Supplied material =>
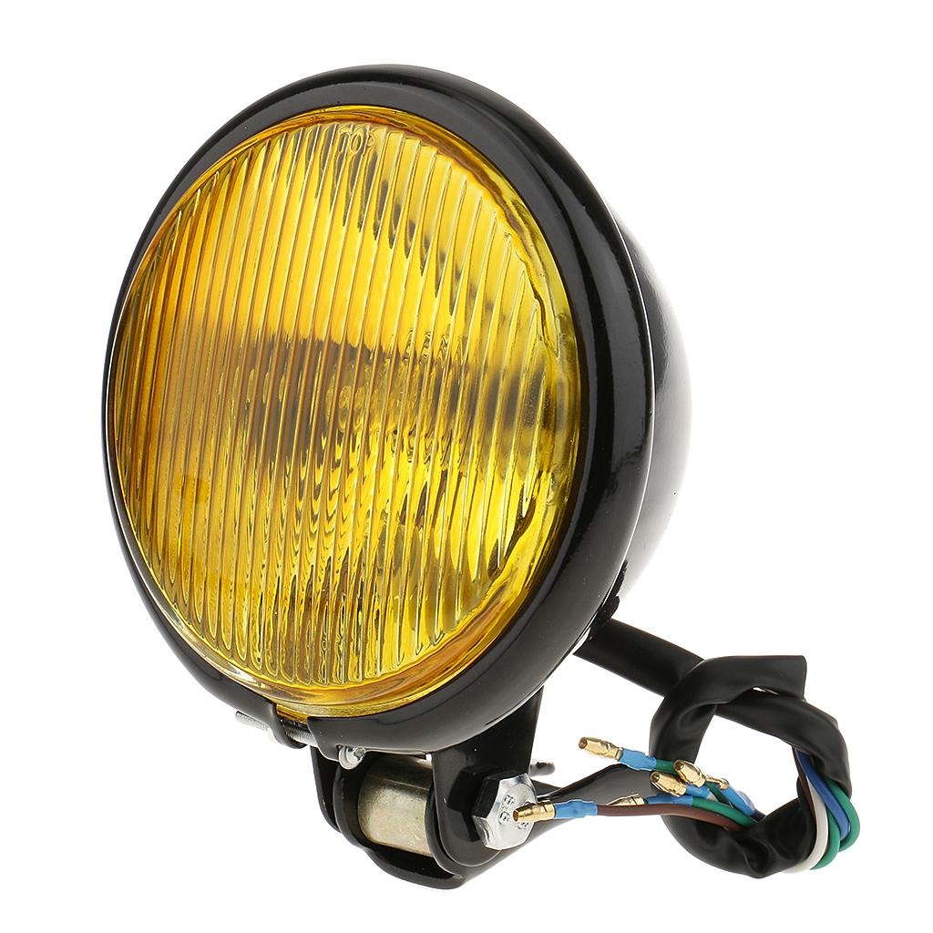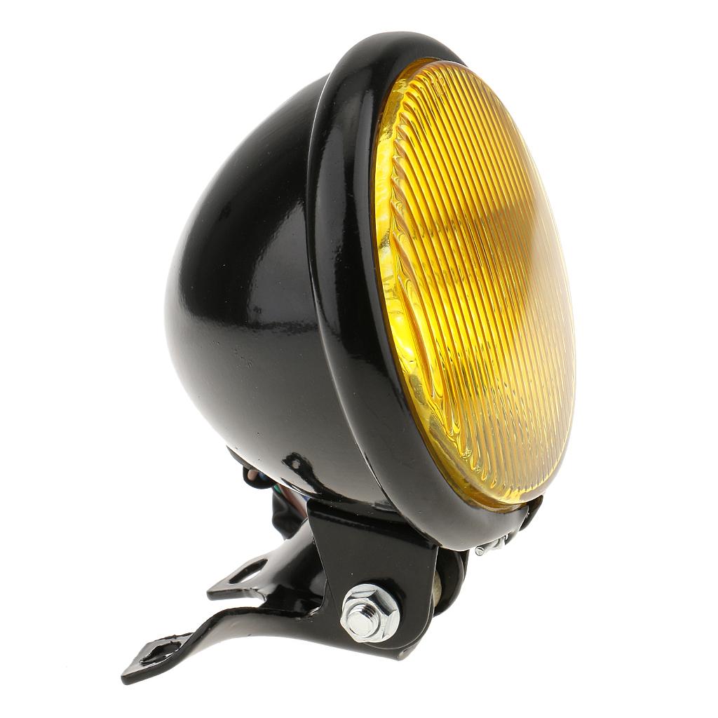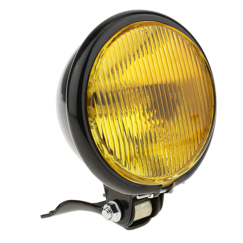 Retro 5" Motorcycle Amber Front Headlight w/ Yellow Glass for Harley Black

---

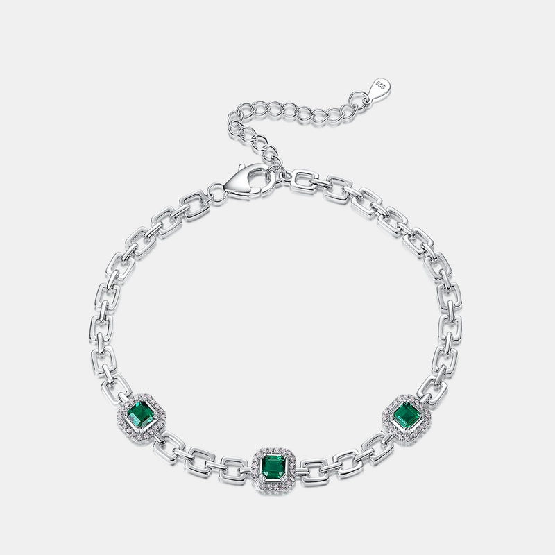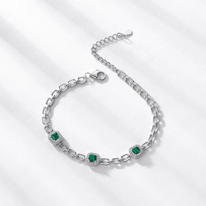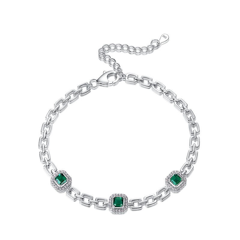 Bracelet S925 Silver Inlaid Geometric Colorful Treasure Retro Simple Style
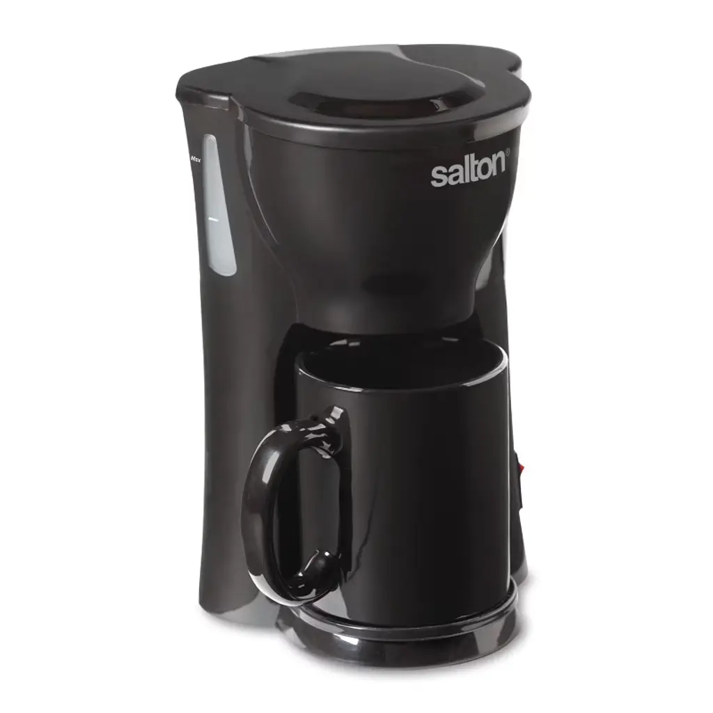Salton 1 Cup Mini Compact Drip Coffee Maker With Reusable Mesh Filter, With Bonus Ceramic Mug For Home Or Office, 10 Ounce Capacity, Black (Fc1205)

* * *

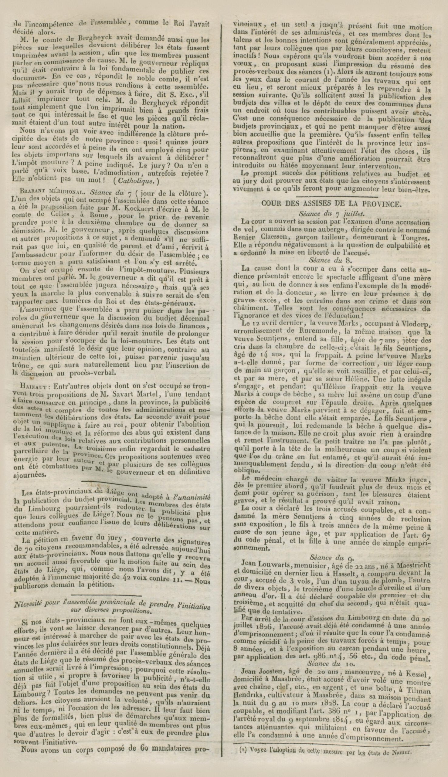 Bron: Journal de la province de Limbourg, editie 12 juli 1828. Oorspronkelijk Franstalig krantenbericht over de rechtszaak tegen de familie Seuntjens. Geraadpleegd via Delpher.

Your objective =>
In the entries above, find the line with "Bracelet S925 Silver" and the line with "Salton 1 Cup". Return exactly those lines and all the ones between them, pictures excluded.

Result =>
 Bracelet S925 Silver Inlaid Geometric Colorful Treasure Retro Simple Style
Salton 1 Cup Mini Compact Drip Coffee Maker With Reusable Mesh Filter, With Bonus Ceramic Mug For Home Or Office, 10 Ounce Capacity, Black (Fc1205)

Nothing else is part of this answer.